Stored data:
================================

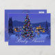 Noël, invitations à la douche nuptiale de vacances. Élégant et classique, parfait pour vos fêtes de vacances. Un monde bleu neigeux avec un arbre de Noël coloré et des maisons d'éclairage de famille, des arbres à feuillage persistant d'hiver et un bonhomme de neige, un tableau vintage de Noël divin et paisible mettra tout le monde dans l'humeur de Noël, et apportera les sentiments heureux et chaleureux de vacances.
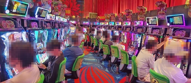 沖スロにドル箱別積みが乱立
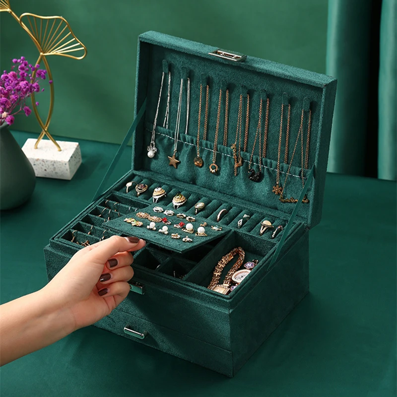 Новый 3-слойный зеленый фланелевый органайзер для ювелирных изделий, большой органайзер для колец, ожерелий, держатель для макияжа, бархатная шкатулка для ювелирных изделий с замком для женщин
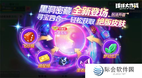 另外,飞行棋、摘星楼、圣衣打造、梦幻工厂寻宝玩法四合一,黑洞密藏全新登场,玩法升级之后,获取绝版皮肤更加轻松,活动期间登录游戏即可免费获取10连抽!抓紧时机获取传说关键词「水滴泡泡」。
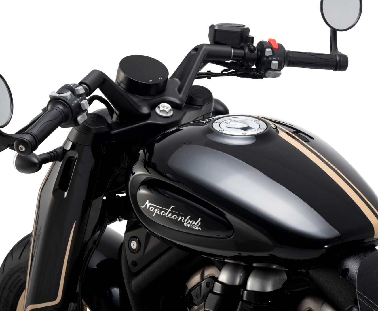 Dive into the intricacies of the Napoleon Bob 500 design with this photo highlighting the ‘Flying Wing’ handlebars, illuminated buttons, and floating central odometer. These artistic masterpieces not only command attention but also provide an elevated user experience.

================================

**WORK INSTRUCTIONS:**
Each line from the one that holds "Новый 3-слойный зеленый" through the final line of the data must be retyped exactly; the pictures must not appear.

**ANSWER SPACE:**
 Новый 3-слойный зеленый фланелевый органайзер для ювелирных изделий, большой органайзер для колец, ожерелий, держатель для макияжа, бархатная шкатулка для ювелирных изделий с замком для женщин
 另外,飞行棋、摘星楼、圣衣打造、梦幻工厂寻宝玩法四合一,黑洞密藏全新登场,玩法升级之后,获取绝版皮肤更加轻松,活动期间登录游戏即可免费获取10连抽!抓紧时机获取传说关键词「水滴泡泡」。
 Dive into the intricacies of the Napoleon Bob 500 design with this photo highlighting the ‘Flying Wing’ handlebars, illuminated buttons, and floating central odometer. These artistic masterpieces not only command attention but also provide an elevated user experience.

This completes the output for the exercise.